Joel Paterson, who plays pedal and lap steel in the Western Elstons, calls Ligon the best singer in town. "He can sing country, which to me is the hardest thing to pull off convincingly, and he can yodel, which is awesome," he says. "He can imitate a lot of styles, but he always sounds like himself. And he's so natural. He's not schooled at all. He barely knows the names of the notes he's playing, but he can outplay anybody. He's really good technically, but he's also free-spirited. He's always kind of flying by the seat of his pants, but it all works out in the end."

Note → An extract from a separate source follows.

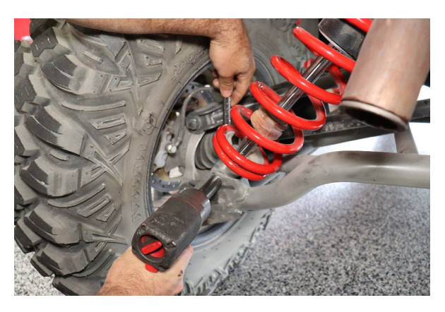
Step 1. Raise the rear of the vehicle and support it with the proper safety equipment. Loosen and remove the hardware that secures the coilover to the control arm. Note: Never work on or under a vehicle that is not supported by the proper safety equipment.

As busy as he is, though, Ligon still doesn't feel like he's fulfilled his dream of starting the band. "I've played with a lot of people that are really good," he says. "The talent is all there. But for whatever reason, I haven't been able to find just the right combination of elements. Most of my friends, we're all in our 30s or early 40s, and we've all already been in a million bands. It makes it more difficult to put something together that everybody's 100 percent committed to, because everybody's idea of what they want is much more defined.
"The thing is, I'm still living like a 19-year-old. I still stay up late. I sleep all day. I don't have a boss. When I moved up here, I moved into a bedroom. I didn't even have a bed--I had a mattress. I've never needed that much. All I ever wanted to do is just be in a good band."
There's a project in the pipeline, however, that might be just the thing Ligon has been waiting for. Last December, the Flat Five opened for Terry Adams, one of the original members of NRBQ and Ligon's "one living idol, other than Paul McCartney." That night the two got to chatting and messing around on the piano a little bit. Ligon told him, "If you ever need a musical slave, give me a call." A few months later, Adams called. The two spent a week playing together in Massachusetts in early September, and Ligon says the visit "went as well as it could possibly go." They even have a few gigs lined up, including a tribute to Jerry Lee Lewis at the Rock and Roll Hall of Fame in November.
"To actually end up putting a band together with somebody you've admired for 20 years--it's spooky," Ligon says. "I have no idea what's going to happen, but I know it's going to be great." If nothing else, he knows he's sticking to the promise he made himself on the cruise ship: "Never again will I allow myself to play music that I don't like."